Worshiping My Way Out of Disillusion

Psalms 10:1 Why do you stand so far away, O Lord, hiding yourself in troubling times?

This is the question that has haunted me for a while. Not all day every day, for there are certainly times when love, joy, and peace shine through, as I noted in a recent post. But those moments only make the next wave of conflict, sin, and error all the more painful. Why, O Lord?! Why, among the glimpses of the beauty of what life will be like when Your reign bursts forth in its fullness, is there so much barren wasteland of sorrow and sin, oppression and injustice? God, why don’t You right more wrongs? Why don’t You correct more error? Why do You allow oppression? And most of all, why do You allow oppression in Your name?

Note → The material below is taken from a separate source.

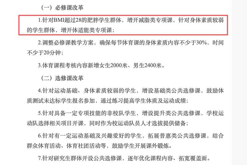 其中,必修课改革具体的内容为:针对BMI超过28的肥胖学生群体,增开减脂类专项课,针对身体素质较弱的学生群体,增开体适能类专项课;调整必修课教学方案,确保每节体育课的身体素质内容不少于30%,时间不少于20分钟;体育课程考核内容新增女生2000米、男生2400米。

These are demoralizing questions. But these are real questions. It comforts me to know the Psalmist asked the same questions all those years ago. And it comforts me even more to know that God Himself preserved those questions in His sacred Word for our instruction and encouragement today. When I am demoralized by these questions in my heart, I engage in the kind of frank conversation with God that the Psalmist models in Psalms 10. I am thankful again that God preserved the totality of that conversation and never rebukes the Psalmist for engaging God so bluntly. My conversation with God usually boils down to the defeated question – how do I keep going on when YOU seem so silent? How do I move forward in faith when You, the one who is the source of that faith, seems in hiding? How do I endure when You seem to have left the game altogether? I don’t want to live lukewarmly in a sea of disillusionment. But why should I do anything else when You seem to have walked away? Really, God, why do You expect anything else from me?

BECAUSE I AM WORTHY.

That’s the answer the Spirit whispers in my heart over and over again. Why do I endure when I can’t find God? Because He is worthy. Why do I put one foot in front of the other when I feel like sitting down in defiance and giving it all up? Because He is worthy. I can’t muster up the naïve enthusiasm that used to characterize my ministry efforts when I was younger, but neither can I give myself to the disillusionment and cynicism that threatens me. Because He is worthy.

I talked about this when I was thinking through God’s counterintuitive words of comfort to Job. God is God, and He is worthy. At first, that answer may sound trite. Yet it is the least trite answer of all. It sounds simplistic, yet it’s the only answer with the kind of deep profound resonance that I desperately need in those moments.

Yes, You are worthy. You are worthy of more than cynicism and disillusionment. You are worthy of more than lukewarm attempts at the bare minimum of the Christian faith. Even if You hide for the rest of my life, never allowing me again in this life to see Your dramatic movement, You are worthy.

I long for more in this life, yet God is worthy of my endurance through much less. It’s the grandeur and glory of His face that gives me perspective when His hands seem silent in my life. I worship His head, not His hands, His essence, not His gifts. He is good not because He does good things to me, but because in the core essence of who He is when He is completely still and silent, He is so very good. The good gifts He gives us when He moves don’t begin to compare to how incredible He is just standing still.